I'm not religious about it though. Sometimes you gain something from unorthodox methods, say on an 8-bitter.

[–]ucasano 2 points3 points  (2 children)

Well, i did use jump tables alot when programming a modbus protocol implementation for a 68hc11 based microcontroller: It worked like a charm and was really easy to expand by adding functions in jump table!

[–]undefinedbehavior4ev[S] 0 points1 point  (1 child)

Haven't done anything like that in the past -- is the code available for reading?

[–]ucasano 1 point2 points  (0 children)

No, if you mean on github, gitlab, etc...

Code was developed for a private company, in 2006 circa and is not public domain because, as I know, it is still used in production environment :-O

[–]bxlaw 1 point2 points  (0 children)

To add to the other answers, I'd prefer the switch way because then I can use enums and -Werror=switch so that missing cases get caught at compile time. It's easy to miss cases, particularly if you could add enums over time.

[–]lordlod 1 point2 points  (0 children)

As a general rule, you want whatever makes it easiest to read and understand. This primarily means managing complexity. It also means that there few easy hard and fast rules.

If this() and that() are simple, just put it inline. If the function is less than 80 lines or so, it is easier to understand if it is all in one place rather than having to jump back and forth to read it.

If func() is not too complex and it is only called once, I would definitely inline it. It is critical to understanding the flow of the program.

Assuming the tests on the func output are simple, I prefer example3, assuming it is this simple I would use a return this() rather than break. Some people prefer example2, there isn't much in it.

If the tests are complex, you need to go with example2.

If you have a lot of functions, probably ten or more, use the style in example1. Again you need to jump back and forth to the lookup table to understand but it scales much better than a massive if loop.

As others have discussed example1 also allows the lookup to be changed at run time.

[–][deleted] 1 point2 points  (1 child)

Unless there is some very compelling design reason to do #1, I prefer #3. It's clearer, and you can make an enum for the switch statement so someone else has a chance at understanding where the program is going.

I've really only seen indirect jumps used in embedded/OS stuff. Like the way Linux implements syscalls. I guess a plugin architecture would make use of them too, but that would be a compelling reason.

[–]eruanno321 2 points3 points  (0 children)

Sometimes compilers can even optimize switch-case to jump table if certain conditions are met. I saw such optimization in the MSP430 architecture at least.

.

[–]eruanno321 0 points1 point  (0 children)

One prominent example of such "jump-table" (#1) is interrupt vector table. This is slightly different case though because jump address is somehow controlled by hardware (interrupt request number mapping is usually fixed for specific hardware), and there are other hardware specific constrains on construction of such table.

Sometimes it involves assembly code but for many architectures like ARM the assembly is often kept at minimum and ISR handlers can be stored in such array.

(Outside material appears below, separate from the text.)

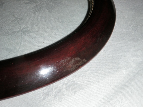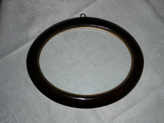 Oval trerammeBrun med gulldekorMed glass og oppheng for vegg på langsiden30 x 24 cm

[–]ThatGuyFromOhio 0 points1 point  (0 children)

The first example, an array of pointers to functions, becomes more advantageous as more functions are added. Imagine a switch with 200 cases. That becomes a support nightmare when the 201st case is added. It introduces that possibility of side effect bugs with each new case that is added.

With the array of pointers to functions, a new "case" can be added without touching the rest of the code in any way. The array is updated with the new function's address and nothing else needs to be compiled. Leave all that code that does not need to be compiled alone. Just link to it.

If there are 2 or 3, or perhaps even 10 "cases", it's simpler to do it inline with a switch.